Parkinson's disease telemonitoring
By Sergio Sanchez, Artelnics.
Parkinson's disease is a degenerative disorder of the central nervous system. There is no cure for this disease, but medications, surgery and multidisciplinary management can provide relief from the symptoms. The stage of the disease determines what group of drugs is most useful in order to relieve the symptoms. The goal of this study is to predict the clinician's Parkinson's disease symptom score on the UPDRS scale.
This dataset is composed of a range of biomedical voice measurements from 42 people with early-stage Parkinson's disease recruited to a six-month trial of a telemonitoring device for remote symptom progression monitoring. The recordings were automatically captured in the patient's homes.
The following table depicts the names, descriptions and uses of all the variables in the data set.
In this case the number of variables is 22, and the number of instances is 5875.
There are 3525 instances for training (60%), 1175 instances for generalization (20%), 1175 instances for testing (20%) and 0 unused instances (0%).
The second step is to set the model stuff. For approximation project type, it is composed by:
- Scaling layer.
- Principal components layer.
- Learning layers.
- Unscaling layer.
- Bounding layer.
The following figure shows the neural network page in Neural Designer.
A graphical representation of the neural network is depicted next. It contains a scaling layer, a multilayer perceptron and an unscaling layer. The number of inputs is 19, and the number of outputs is 2. The complexity, represented by the numbers of hidden perceptrons is 19.

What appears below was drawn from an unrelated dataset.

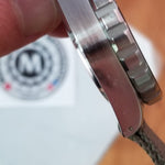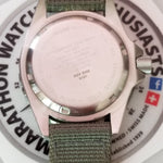 The TSAR is handmade in La Chaux de Fonds Switzerland to guarantee the highest level of quality and accuracy in manufacturing. Inside the TSAR is a Swiss-made, 3 jewel ISA high torque quartz movement. The TSAR guarantees you a reliable and accurate timekeeping experience. The TSAR uses self-contained Tritium gas tubes to ensure constant visibility in low light situations, a gas tube is placed on each hour marker and hands and uses MaraGlo for the 12-hour bezel marker. Tritium tubes are self-illuminating gas tubes that contain an isotope of hydrogen, meaning they will not dull down in brightness like normal photo-luminescent paint which requires an external light source to create a glow. The crystal is sapphire – 2.8mm thick x 30.50mm diameter. The 316L stainless steel case is approximately 46.0mm in diameter. The unidirectional 120 click bezel diameter is 41.10mm and the case height is 13.85mm. Screw down crown is deep knurled. The total weight of the watch head is 93.1 grams. NATO NSN#: 6645-20-001-9382. Individually serial numbered. NOTE: If you'd like a new production version of this TSAR, please go here <-click here The Marathon pre-owned TSAR watch combines military toughness with Swiss Craftmanship in an ISO 6425 certified watch that will get the job done, and look good doing it. The ultimate current special purpose quartz dive watch!Marathon Pre-owned TSAR Diver's Watch WW194007: Early production
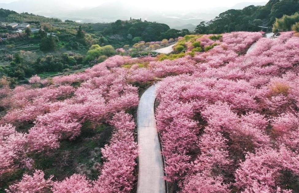 福建龍巖,仁隔山櫻花盛開(kāi),漫山遍野如云似霞。

The neural network defines a function which represents the model.
The third step is to select an appropriate loss index, which plays an important role in the use of a neural network. It defines the task the neural network is required to do, and provides a measure of the quality of the representation that it is required to learn. The choice of a suitable loss index depends on the particular application.
The normalized squared error is used here as objective term. It divides the squared error between the outputs from the neural network and the targets in the data set by a normalization coefficient. If the normalized squared error has a value of unity then the neural network is predicting the data 'in the mean', while a value of zero means perfect prediction of the data.
The procedure used to carry out the learning process is called training (or learning) strategy. The training strategy is applied to the neural network in order to obtain the best possible performance. The type of training is determined by the way in which the adjustment of the parameters in the neural network takes place.
The following chart shows how the performance decreases with the iterations during the training process. The initial value is 15.3913, and the final value after 100 iterations is 0.288922. (The first 100 iterations are shown)
The next table shows the training results by the quasi-Newton method. They include some final states from the neural network, the loss index and the training algorithm.
Here the final parameters norm is not very big, the final performance and generalization performance are small, and the final gradient norm is next to zero.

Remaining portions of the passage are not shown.